Il primo argomento è una fake news targata Trump, patetica nella sua falsità storica. Ve li vedete Schumann, Adenauer e De Gasperi che nel dopo Seconda guerra mondiale avviano la costruzione europea per nuocere agli alleati Usa, tra l’altro allora impegnati nel piano Marshall di ricostruzione post-bellica dell’Europa?

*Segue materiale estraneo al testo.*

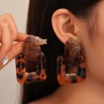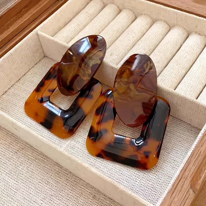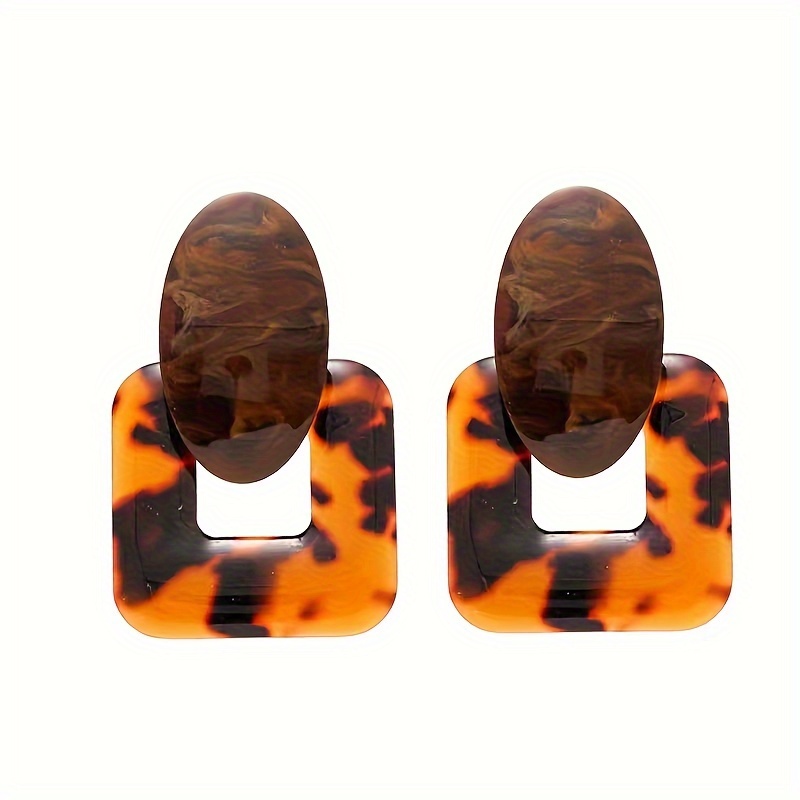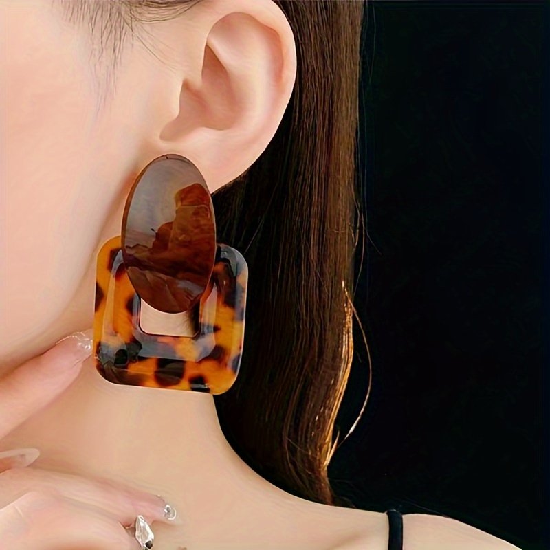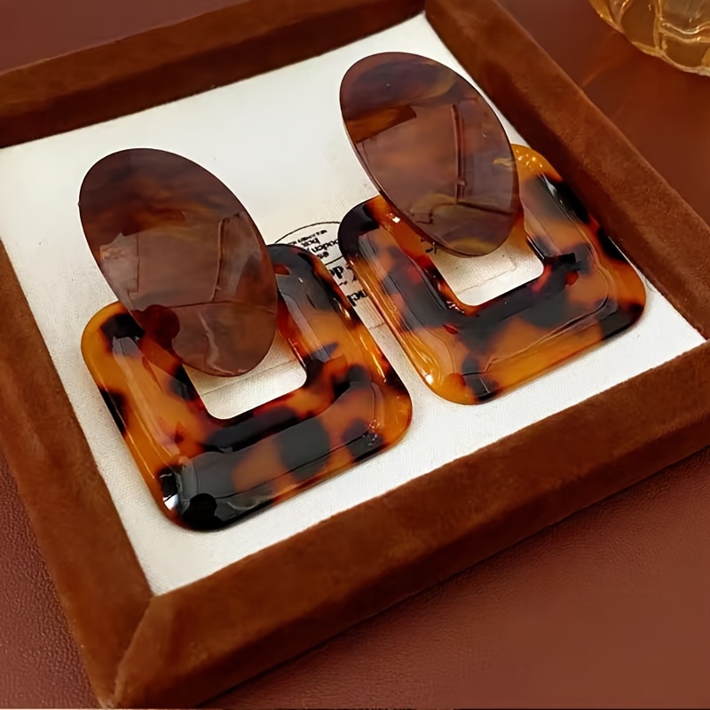 Início Vestuário e Acessórios Bijouterias 1 Par de Brincos Quadrados Vintage Sensuais Com Estampa de Leopardo Em Resina, Banhados a Ouro 18k, Em Liga Metálica e Prata 925, Brincos Pendentes da Moda para Mulheres, Acessório para Todas as Estações, Ideal para Uso Diário e Em Festas.

Il secondo argomento rivela invece la frustrazione di Trump nel constatare che la barriera istituzionale costituita, in forza dei trattati europei, dalla competenza esclusiva in materia di commercio internazionale affidata da tutti i 27 Stati membri alla Commissione europea, gli impedisce di esercitare nei confronti dell’Ue il divide et impera - e l’imperatore sarebbe lui - in nome del quale sta minando il funzionamento di ogni istituzione multilaterale: dall’Organizzazione mondiale della Sanità all’Organizzazione mondiale del Commercio.

Le carte in mano ai negoziatori europei non sono di poco conto. Sia quelle che possono favorire il compromesso con gli Usa - per esempio, la revisione di alcune regole europee che oggi operano da barriere non tariffarie alle importazioni - sia quelle che possono armare la ritorsione europea - dalla tassazione dei servizi digitali dei colossi tecnologici Usa alla gestione del debito americano, per un terzo in mani europee.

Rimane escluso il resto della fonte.